さざんかの木が出てくる童謡「たき火」は、一九四一年(昭和十六年)にNHKのラジオ放送で発表された、巽聖歌(たつみせいか)作詞、渡辺茂(わたなべしげる)作曲の歌。
 
巽聖歌が住んでいた東京都中野区の自宅の近くに、けやき屋敷と呼ばれる大きな家があり、その家の庭にはケヤキ、ムクノキ、カシなどの大木が並びそびえていたので、落ち葉の季節になるとよく住人が落ち葉を集めてたき火をしていた。
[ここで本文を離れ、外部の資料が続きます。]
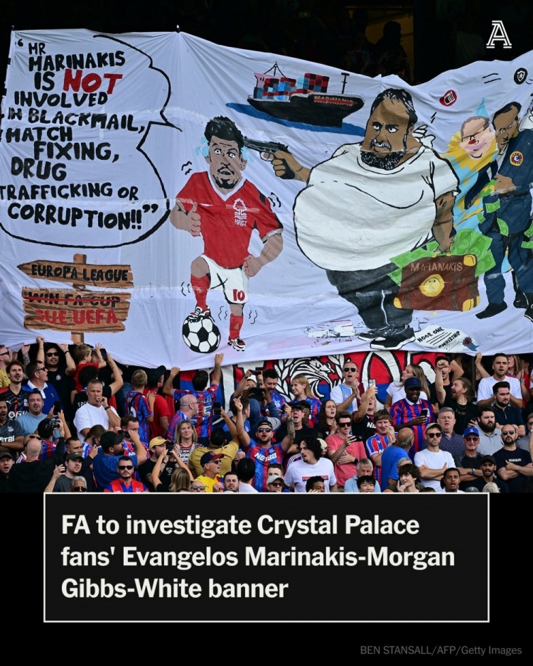 据TA报谈,英足总将造访水晶宫球迷展示的一面横幅,横幅上知道诺丁汉丛林雇主马里纳基斯抓枪对着中场球员吉布斯-怀特的头部。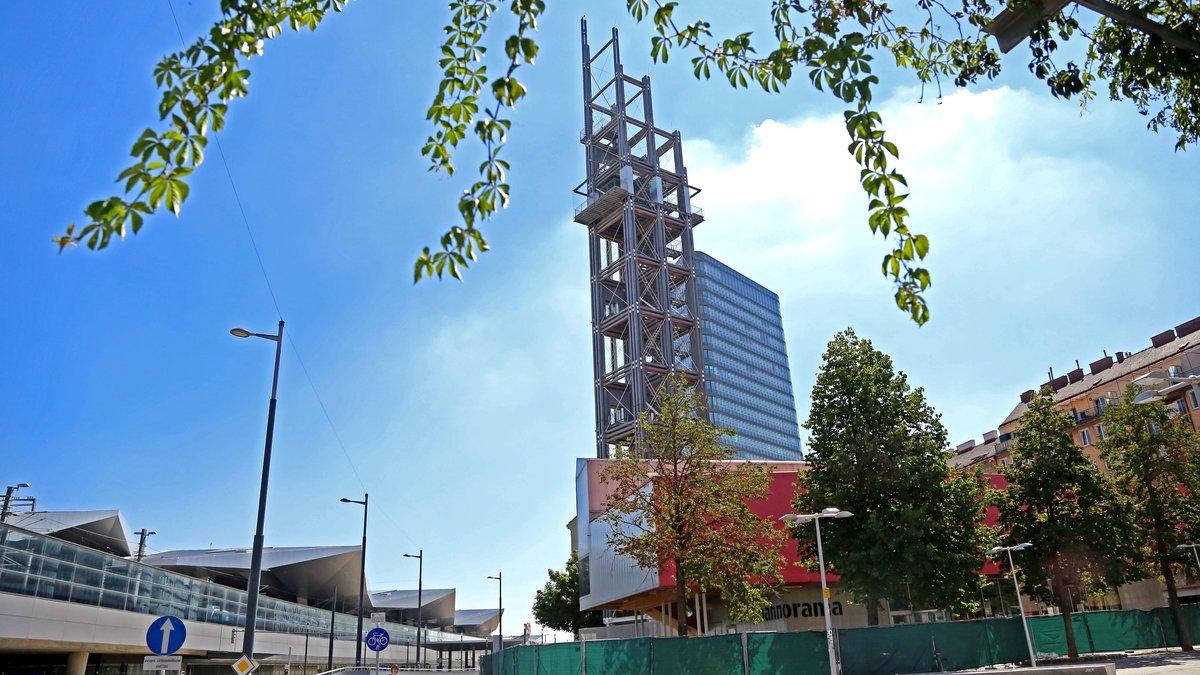 350.000 Besucher genossen von seiner Plattform den Panoramablick über Österreichs größte Baustelle, mittlerweile ragt er seit Monaten verlassen in den Himmel und verzögert die Nachnutzung des Grundstücks: Der 66 Meter hohe "Bahnorama"-Holzturm am Hauptbahnhof. Errichtet von der Stadt Wien und den ÖBB, diente er bis Ende 2014 als Baustellen-Infozentrum und beliebte Aussichtsplattform.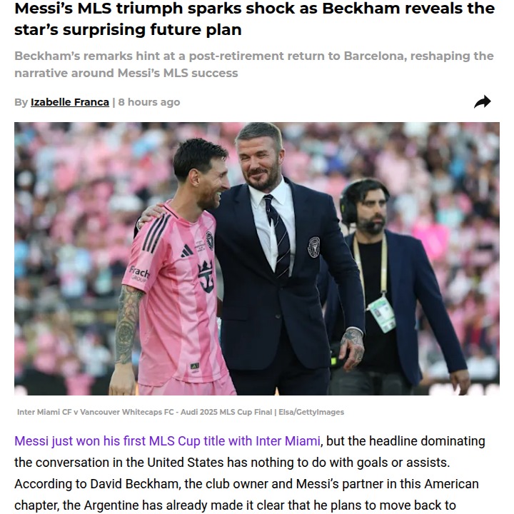 Allison Travis+FollowMessi’s MLS Cup Win: Beckham Drops Barca BombWow, what a ride! The GOAT just led Inter Miami to their first MLS Cup, racking up a mind-blowing 35 goals and 24 assists in just 34 games. But here’s the twist: Beckham revealed that King Leo’s heart still beats for Barcelona, hinting Messi plans to return to Camp Nou after hanging up his boots. Miami fans, enjoy the Messi magic while it lasts—this legend’s story in the U.S. might be shorter than we hoped! #Sports #Soccer #Messi00Share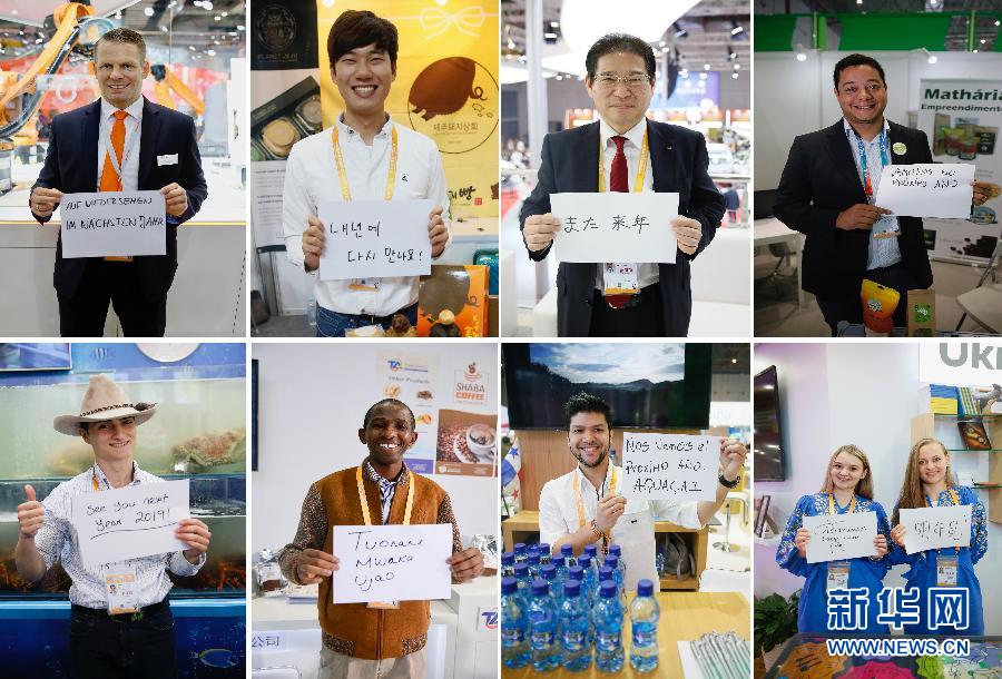 11月10日,進博會上不同國家的參展人員展示用不同語言書寫的“明年見”(拼版照片)。 首屆中國國際進口博覽會11月5日至10日在上海舉行。記者在采訪中了解到,很多參展商在進博會上收獲了不少訂單,宣傳了自己的產品,結識了很多朋友。他們表示,希望明年再來進博會。 新華社記者 侯東濤 攝

そうした武蔵野の初冬の朝の光景を元に「たき火」の歌詞は作られたという。
 
そのけやき屋敷はいまも残っていて、さざんかの生け垣は竹垣に変わってしまったが、門の横に「たき火」の歌詞創作の地を示す看板が立っているという。

  たき火

垣根(かきね)の、垣根の、曲がりかど
たき火だ、たき火だ、落ち葉たき
あたろうか、あたろうよ
北風ぴいぷう、吹いている

さざんか、さざんか、咲いた道
たき火だ、たき火だ、落ち葉たき
あたろうか、あたろうよ
しもやけ、お手々が、もうかゆい

木枯らし、木枯らし、寒い道
たき火だ、たき火だ、落ち葉たき
あたろうか、あたろうよ
相談しながら、歩いてく

サザンカはツバキ科ツバキ属の常緑樹、原種は九州、四国、山口県、沖縄県に自生し、最大樹高は八メートル、花の色は白、花びらの数は五枚から七枚、そしてこれがツバキとのいちばん大きな違いであるが、花びらは平開して咲き一枚ずつ散る。つまりツバキのように花がそのままポトリと落ちることはなく、しかも花の数が多いので落花の季節には木の下が花びらの敷物を敷いたようになる。
 
サザンカは漢字で山茶花と書き、この字を見るとサザンカの葉でお茶が作れそうにも思えるし、チャノキもサザンカもともにツバキ科ツバキ属の植物で葉の形もよく似ているが、サザンカはお茶にはならないという。
 
サザンカが一般に広まったのは、品種改良が進んだ江戸時代以降のこととされ、赤や桃色や斑入りの花が作られたり、花びらの数が増えたりして、華麗な花に変身してから急速に広まったという。
 
サザンカには多くの品種があり、その中でよく見かけるのがカンツバキ(寒椿)とタチカンツバキ(立寒椿)の二種。樹高は前者が一メートルほど、後者が三メートルほどで、花はともに八重咲きの赤、ともに栽培品種とする説とヤブツバキとの雑種とする説がある。